ARQUIVAMENTO - Vereadores de Assaí rejeitam abertura de Comissão Processante contra prefeito e vice



Em uma sessão que durou mais de duas horas e meia, os vereadores de Assaí (36 km a leste de Londrina) decidiram nesta segunda-feira (8) arquivar a abertura de Comissão Processante (CP) contra o prefeito Acácio Secci (PPS), a vice Inês Koguissi (PPS) e a filha dela e também vereadora, Michelle Matie Morikawa (PPS), por suposta improbidade administrativa cometida ao oferecer emprego a uma mulher para que ela fosse candidata ao cargo de vereadora na chapa "Assaí Para Todos", a mesma dos investigados. 

A votação foi folgada: sete a favor e um contra, da vereadora Juliana da Silva (PSDB). Por ter sido denunciada, Michelle Morikawa preferiu se abster. A denúncia foi protocolada no dia 28 de abril pelo advogado Pedro Alberto Alves Maciel. Todas as informações foram colhidas de um processo que agora tramita em segredo de justiça na Vara da Fazenda Pública de Assaí. Durante a leitura do último voto, os apoiadores de Secci já organizavam uma pequena manifestação, mas que ganhou uma proporção ainda maior do lado de fora da Câmara. 

Abraçado por diversos eleitores, Secci fez um rápido discurso no encerramento da sessão. "Eu sou um servo de Deus. Os vereadores foram democráticos e viram que a nossa candidatura está sendo conduzida de um jeito honesto, justo e correto", disse. No final do pronunciamento, a população rezou um Pai Nosso. Apesar da multidão que cercava o prédio do Legislativo, a Polícia Militar não registrou nenhum incidente. Os acessos à Avenida Souza Naves, onde fica a Câmara, foram fechados desde às 19h pela PM.


O advogado disse, em entrevista ao Portal Bonde, que "os vereadores de Assaí foram soberanos e por isso temos que respeitar a decisão deles. Vou continuar lutando pela dignidade e respeito do meu município". O presidente da Câmara de Assaí, Amarildo Aparecido Correia (PSB), enalteceu a "tranquilidade" da votação, que, conforme o parlamentar, "transcorreu como a democracia sugere". Com o resultado, o processo para abertura da CP é arquivado. 
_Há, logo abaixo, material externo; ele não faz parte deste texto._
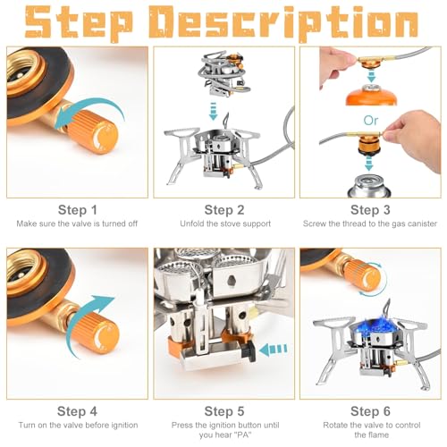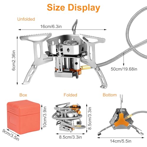 【Forte compatibilità】: resistente stufa da picnic in lega di alluminio e acciaio inossidabile, dotata di sistema di accensione piezoelettrica e regolatore della fiamma, lo rendono più comodo e praticabile. Dotato di 2 tipi di connettore, perfetto per diversi serbatoi di gas. Compatibile con qualsiasi serbatoio di combustibile misto butano a 7/16 filetti singolo butano/butano-propano (EN 417).

A denúncia narra que Andreia da Silva Araújo, candidata pelo Partido Ecológico Nacional (PEN) na chapa formada, além do PPS, por PTB, PSL e PSD, prestou depoimento ao Ministério Público no dia 3 de março deste ano. Na ocasião, ela confirmou que a candidatura era 'fictícia' e lançada apenas a pedido do prefeito Acácio Secci. Em relatos ao MP, a denunciante recebeu um aviso ''de que não precisaria gastar nada e nem realizar nenhum ato de campanha, o que de fato ocorreu.'' 

O MP desconfiou da situação por conta de normas estabelecidas pela Justiça Eleitoral de que cada partido ou coligação deve preencher a cota mínima de 30% e máxima de 70% para candidaturas de cada sexo. A determinação está incluída no artigo 10 da Lei 9.504/97. O descumprimento, conforme a legislação, culmina no indeferimento do registro da chapa. 

O assunto teria sido discutido em 1º de março, ou seja, dois dias antes do depoimento no Ministério Público, em uma reunião agendada pela vice-prefeita e a vereadora Michelle Morikawa com Andreia, que teria sido intimidada a não contar a verdade ao promotor eleitoral. Se isto acontecesse, a coligação ''Assaí para Todos'' poderia ser prejudicada nas eleições. "Me ofereceram o emprego no hospital, mas eu não quis. Queriam que eu omitisse os fatos", contou durante as declarações no MP. 

A recusa de Andreia teria gerado um ''grande desconforto'' nos investigados. A insatisfação teria sido tamanha que o prefeito Secci afirmou que ''não daria nada' para a denunciante. Uma hora depois, a vice-prefeita teria convocado um novo encontro na sede da prefeitura sem a presença de Andreia. No entanto, o irmão dela, Silvande Álvares Kataoka, foi convidado. O prefeito também participou da discussão, marcada pela insistência 'de Andreia aceitar em mentir durante relato ao MP para não prejudicar a chapa''. 

Contactada pela reportagem, Michelle Morikawa disse que "a luta por uma boa política de Assaí continua." Ela agradeceu o apoio da população que foi até à Câmara Municipal e disse que "agora é o momento de trabalhar ainda mais pela nossa cidade".